Photography by Mason Schlopy

 If you’re reading this, it’s OK to reach out for help - in any field of life.

My name is Iris and I’m from Greenwich, CT. If you know anything about Connecticut or Greenwich in general, you’d know that it’s known to be a wealthy area. Families are commonly well-off and can put their children into out-of-school activities, such as sports clubs and academic programs. Because of this, the school was competitive. In addition to the town’s excellent education program, the students themselves were talented, which raised the bar even higher.

For a regular student with no astounding talent, navigating my academic worth was difficult. There was always a saying that if you thought you were the best at something, there was always someone doing it better than you. How was I supposed to compete with that?

I started to develop an unhealthy mindset of not asking for help. It started through academics. Seeing my extremely talented and smart classmates made me think I was like them - they didn’t need help, they just knew the material the first time they were taught. I pretended for so many years to be like them, but, in reality, I needed extra help. I benefited from going to after-school math help and one-on-one tutoring sessions with my teacher, but I didn’t want to admit to myself that I wasn’t smart enough. That I needed help.

This unhealthy behavior then seeped into my mental health. Like any other teenager, I had worries and days where I felt down, but I never spoke out. Instead, I was the person people came to to talk about their problems. I would always be there for them, and I knew they would help me out too, but I never asked for their help. I didn’t want to be a burden or have them put my worries above theirs. I didn’t want to be prioritized over, even at times when being prioritized might have helped.

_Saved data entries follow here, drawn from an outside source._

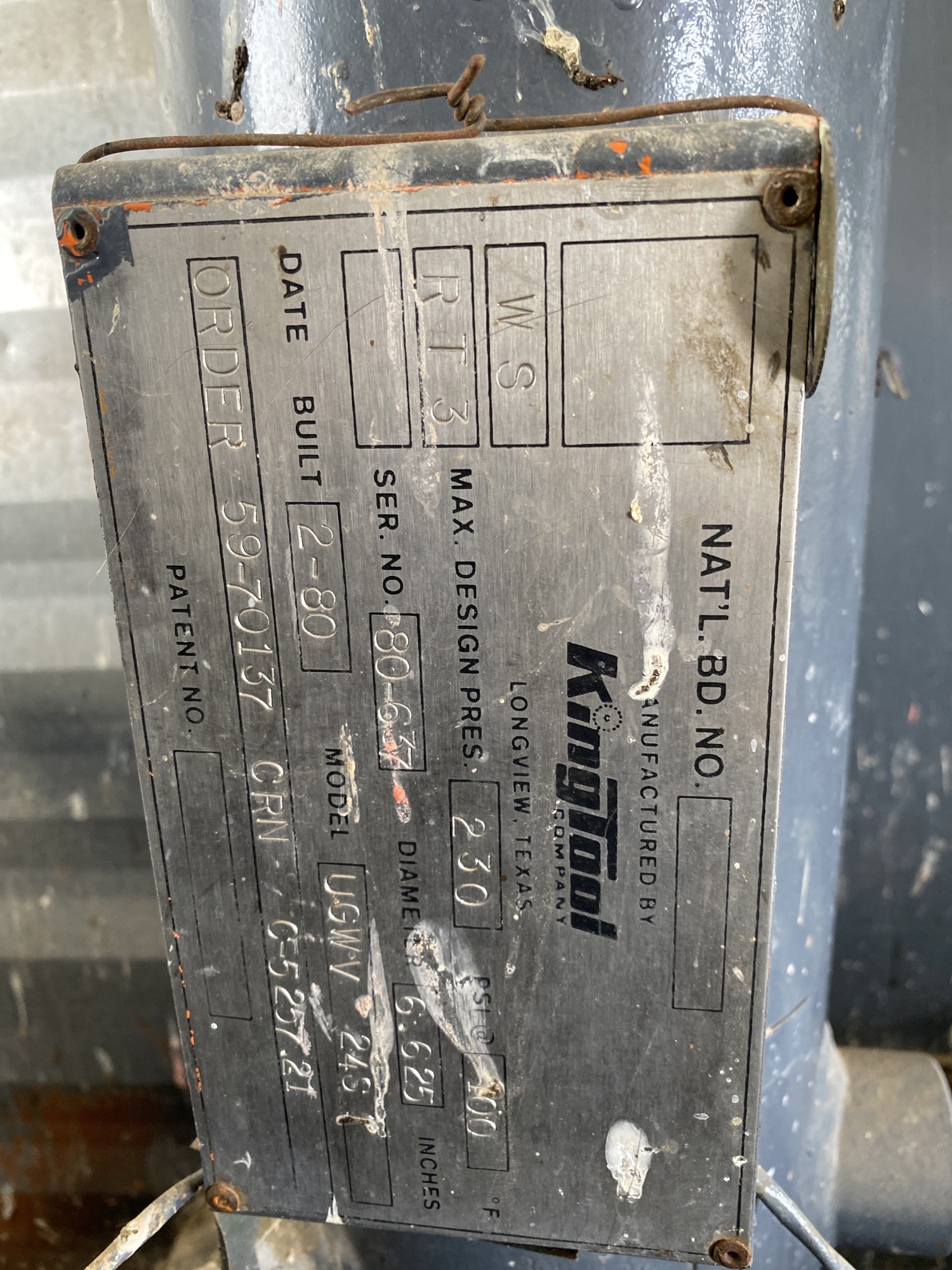 MAWP: 230 PSI at 100°F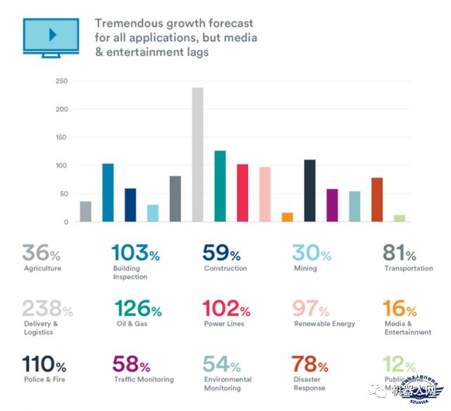 The next five years, UAV applications in the following 15 industries and areas will increase significantly (as shown above): agriculture, housing testing, construction, mining, transportation, logistics, oil and gas, power lines, renewable energy, media and entertainment, police and fire, traffic monitoring, environmental monitoring, disaster response, public land management. Among them, the logistics industry, oil and natural gas, as well as police and fire,, three areas of the fastest growing, respectively, to 238%, 126% and 110%. In addition, although the current unmanned aerial vehicles in the field of media and entertainment, the most widely used, but by 2022, its development speed was clearly catching up in other areas, is expected to increase its annual rate of only 16%.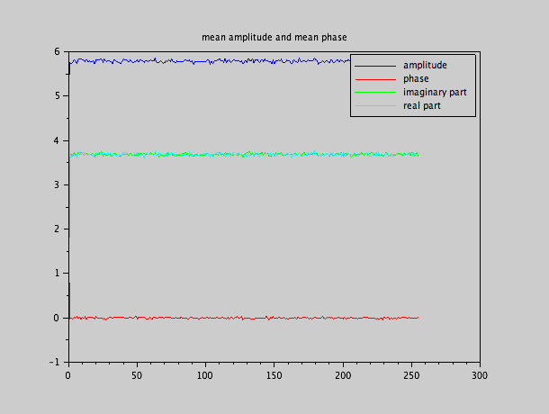 Finally, the average of the distribution of amplitudes, phases, the real part and the imaginary part of the frequency component is shown. For white noise, we expect this to be constant. It is indeed the case.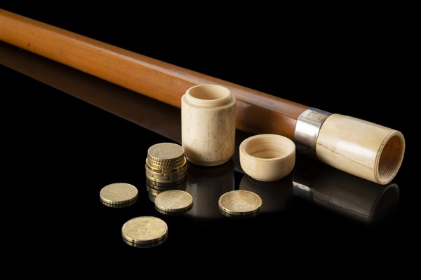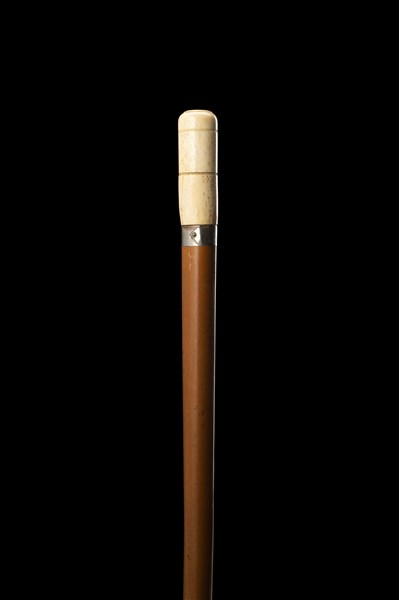 Bastone in malacca con presa in osso smontabile in due parti ed utilizzabile come portamonete. Secolo XIX (L. cm 88)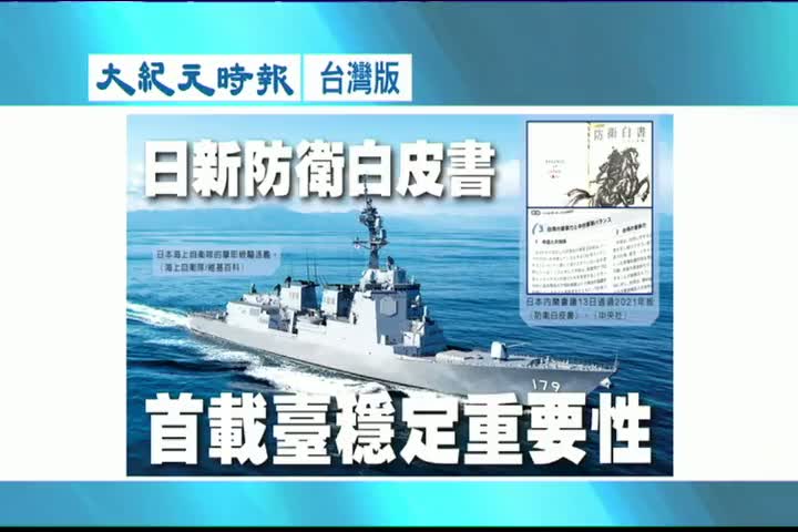 【新唐人亞太台 2021 年 07 月 14 日訊】繼續看到大紀元時報台灣版報導:日本新防衛白皮書,首次載入臺灣穩定重要性。

I hit my lowest point in senior year, and not too many people noticed. I had panic attacks in my counselor’s office. I reached the maximum for absences in all of my classes because I didn’t have the courage to get up in the morning. I just didn’t see the point anymore. I needed to ask for help, but I didn’t. I was scared to admit that I needed help.

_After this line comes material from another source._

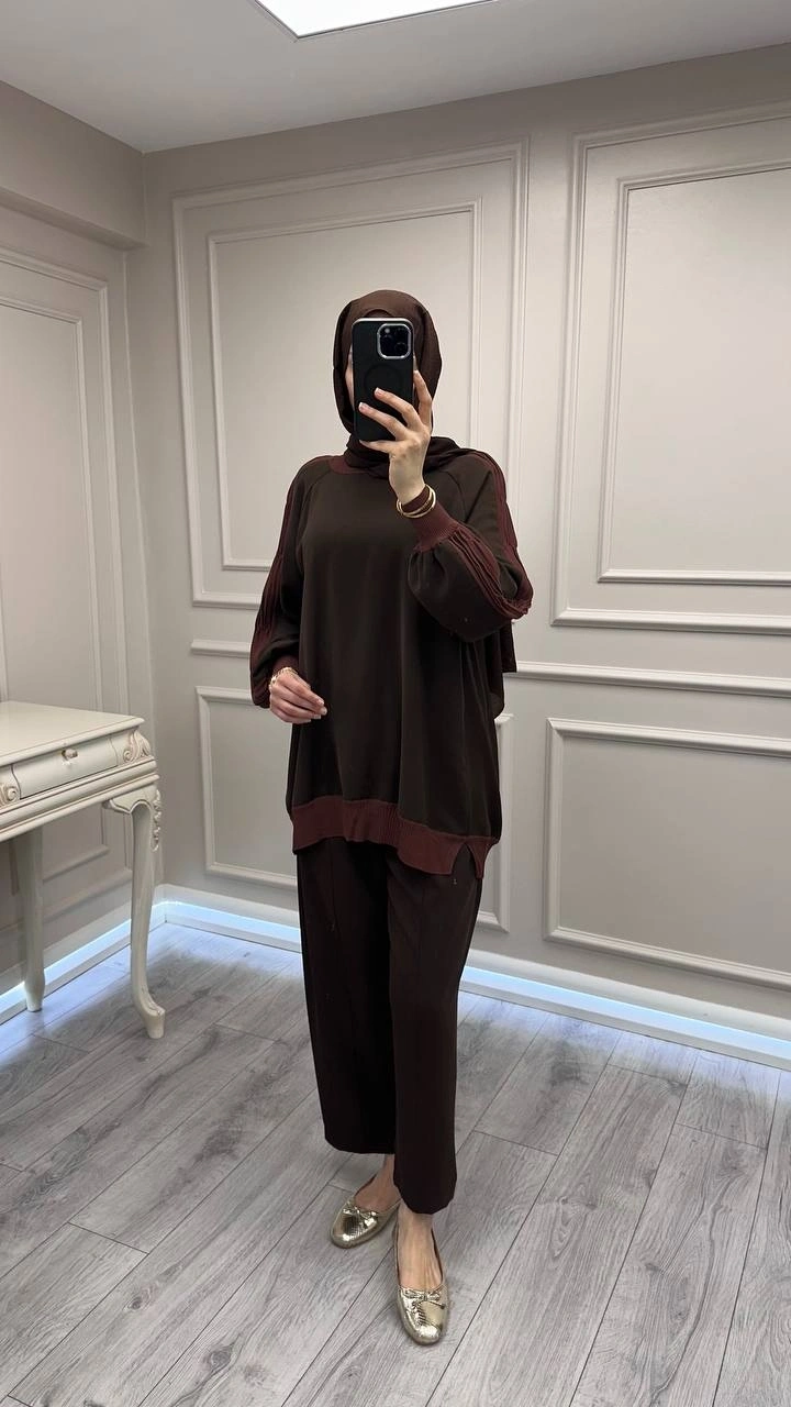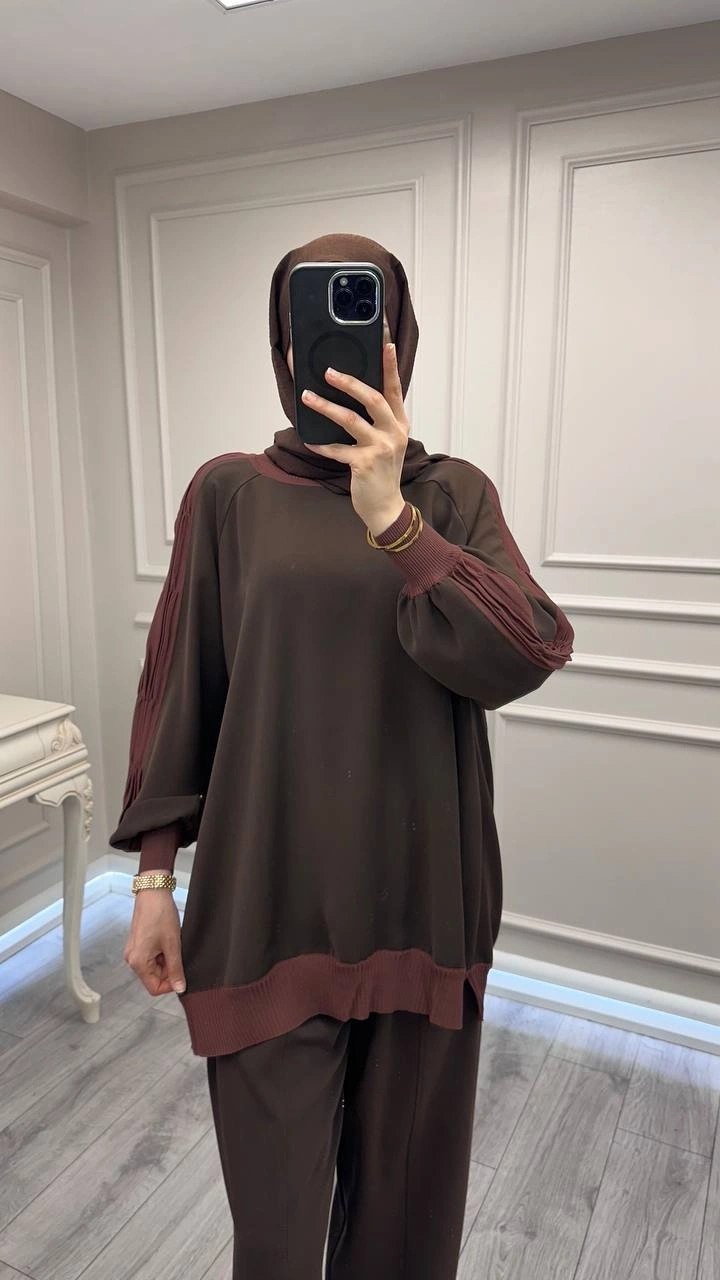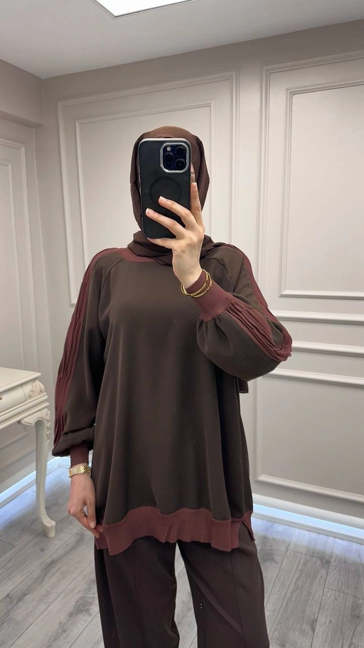 Ghisa Kahve Kolları Merserize Detaylı Tunik

I knew I needed to seek help, and I was close to it multiple times. When I toured Syracuse, I learned something interesting: Syracuse offers free counseling that’s covered within your tuition. When I came on campus, I signed up for a counseling session, to try it once. Now, I go to counseling once every two weeks, and I can’t stop talking about it. Counseling has changed my outlook on life and the way I navigate friendships and my relationship with myself.

If you’re reading this, know that seeking help doesn’t mean that you’re weak. In fact, admitting that you need help is incredibly strong. Admitting your faults and weaknesses is important to self-growth and improvement. It’s OK to reach out for help - in any field of life.